Encroachment on natural ecosystems through resource exploitation (for example, logging and mining), intensive agricultural activity, human settlements, as well as climate change, provides opportunities for pathogens to spill over from wild animals to people, especially when the natural disease resistance that may result from rich biological diversity is lost.

Diseases that have jumped to humans from other animal species are known as ‘zoonoses’. Apart from COVID-19, other examples include Ebola, HIV and SARS.  Humans are destroying the ability of ecosystems to regulate such diseases.

The wanton exploitation of our natural environment must change. A different world must emerge – for our children’s sake.

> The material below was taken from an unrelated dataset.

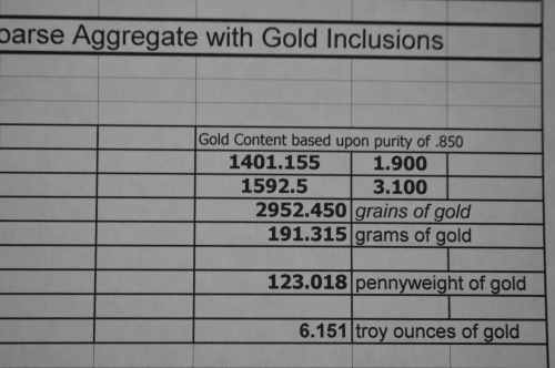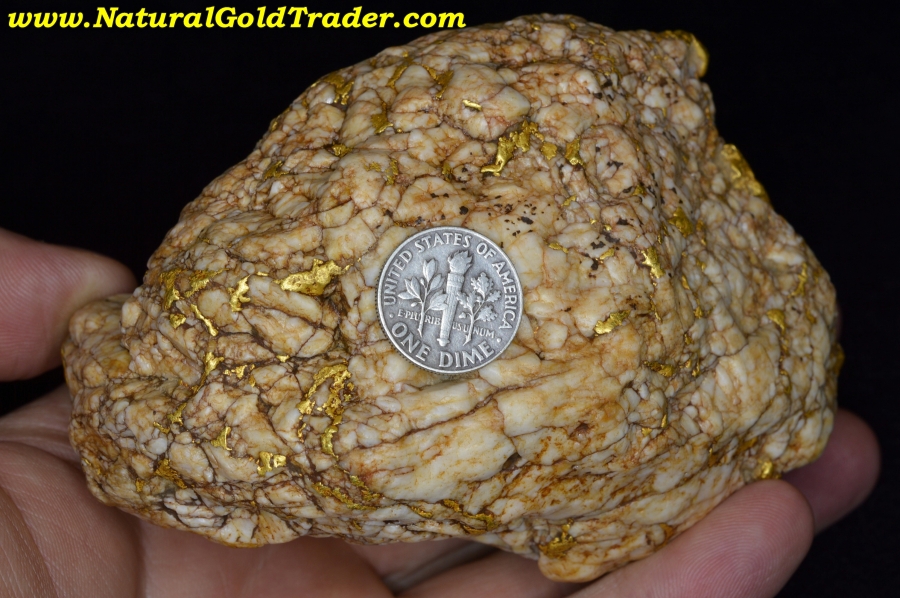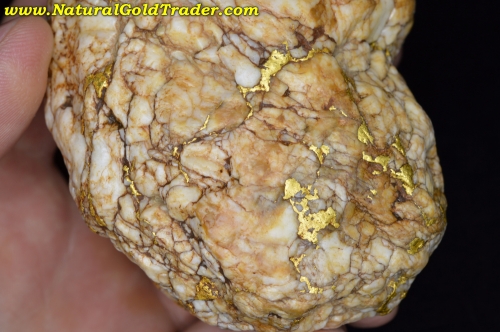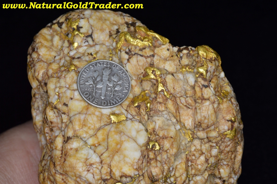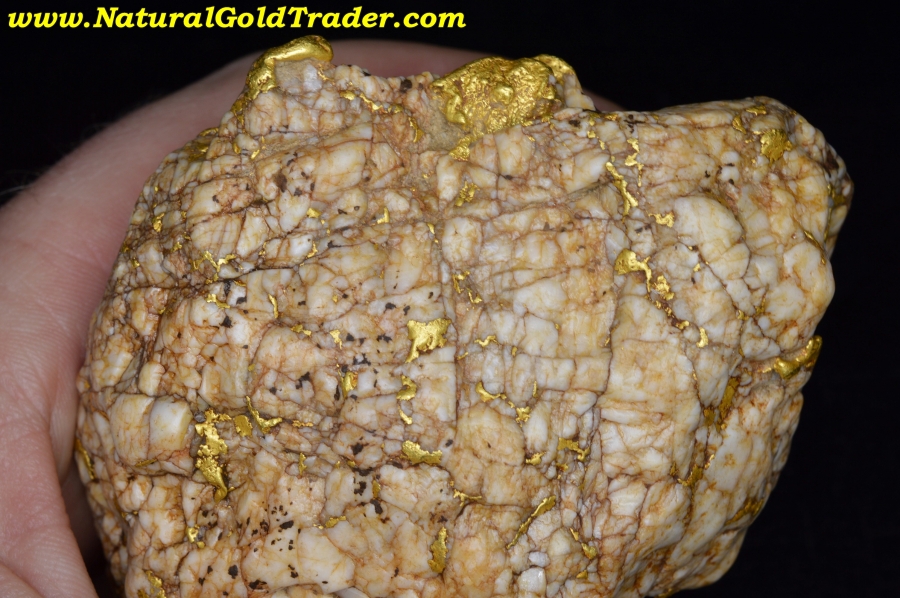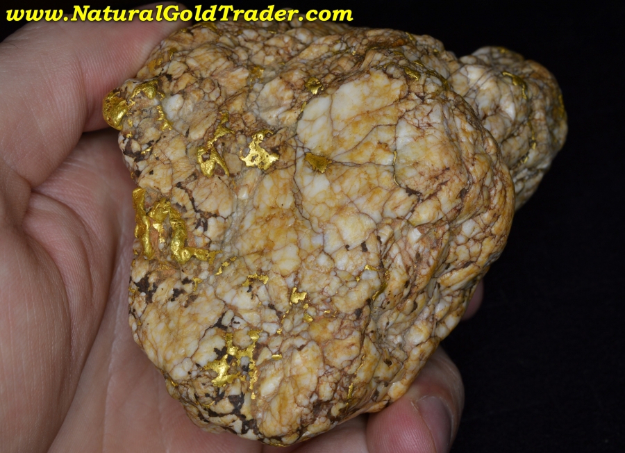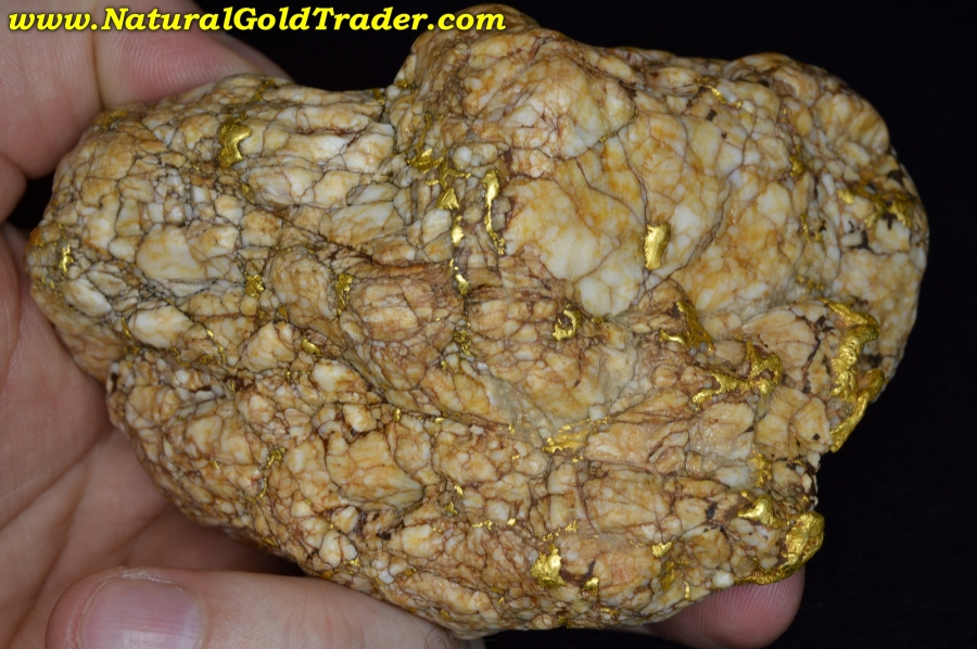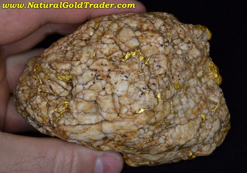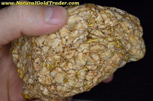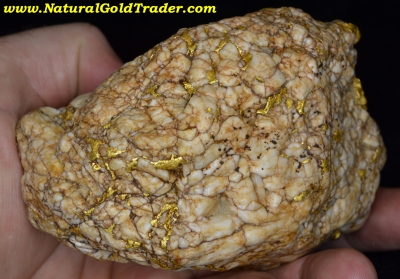 This unreal specimen weighs 23.71 troy ounces. We have had a professional specific gravity test preformed on this huge specimen. The test indicates that there is 191.31 grams or (6.15 ozt.) of very yellow and pure native California Gold! That's just over one half troy pound!! We also used a continuity tester on this specimen and almost all of the gold is connected to itself throughout the quartz.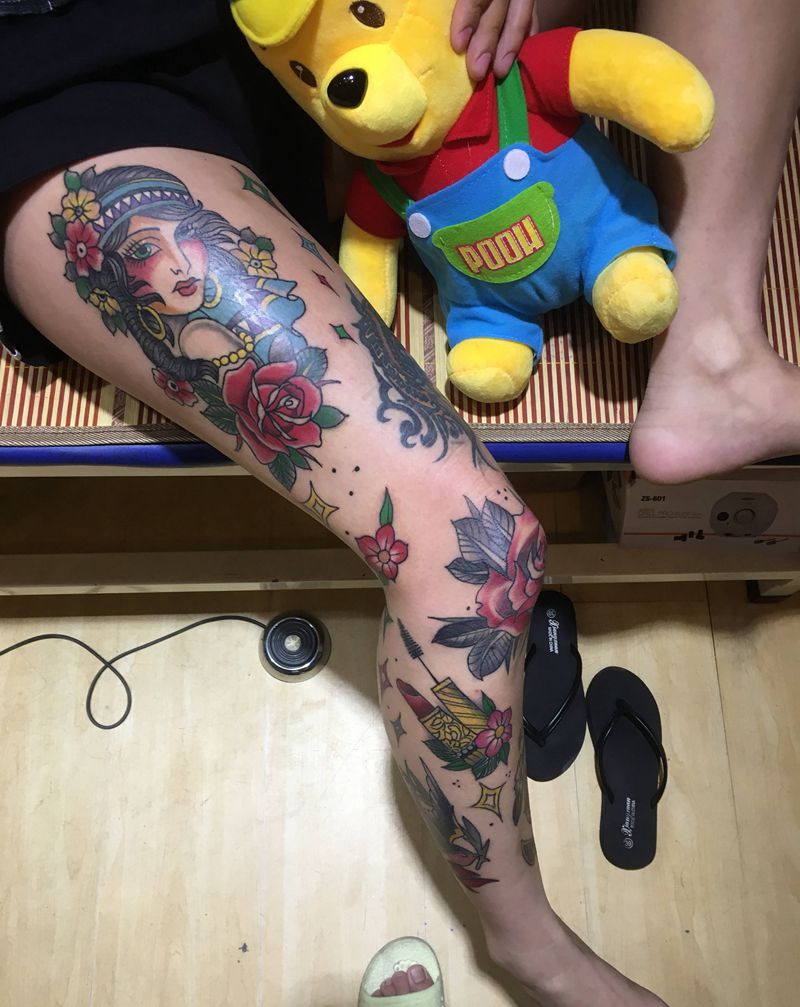 • T网红王老大花腿龙纹身图片_腿部新传统纹身图案

So if COVID is indeed the portal to a different world, what might that world look like?

Imagine a world where we stabilise climate change, halt species extinction and increase forest cover.

Imagine a world where global agriculture is regenerative, and farmers are viewed as guardians of ecosystems not just producers.

Imagine a world where all inequality (race, gender, caste, age, ability) is overcome, and where violence is but a nightmare from the past. Imagine a world where people and the planet matter more than politics, power and profit.

Imagine a world where no child is left behind and where the Earth (our only home) is cared for.

If a world like this world seems too idealistic, that is because for too long our leaders’ priorities have become those of big business and vested interests. Their worldview has become myopic – power and profit are their mantra. Their interests lay not in the masses, the vulnerable or the disenfranchised. They care little for the natural environment and its critical role in sustaining all life on Earth, running rough shod over the rights of everyday people and the planet.

For too long we have become used to this, expecting so little from our leaders. This needs to change if a different, kinder and better world deserving of our children is possible.

In Arundhati Roy’s own words: “We can choose to walk through it, dragging the carcasses of our prejudice and hatred, our avarice, our data banks and dead ideas, our dead rivers and smoky skies behind us. Or we can walk through lightly, with little luggage, ready to imagine another world. And ready to fight for it.”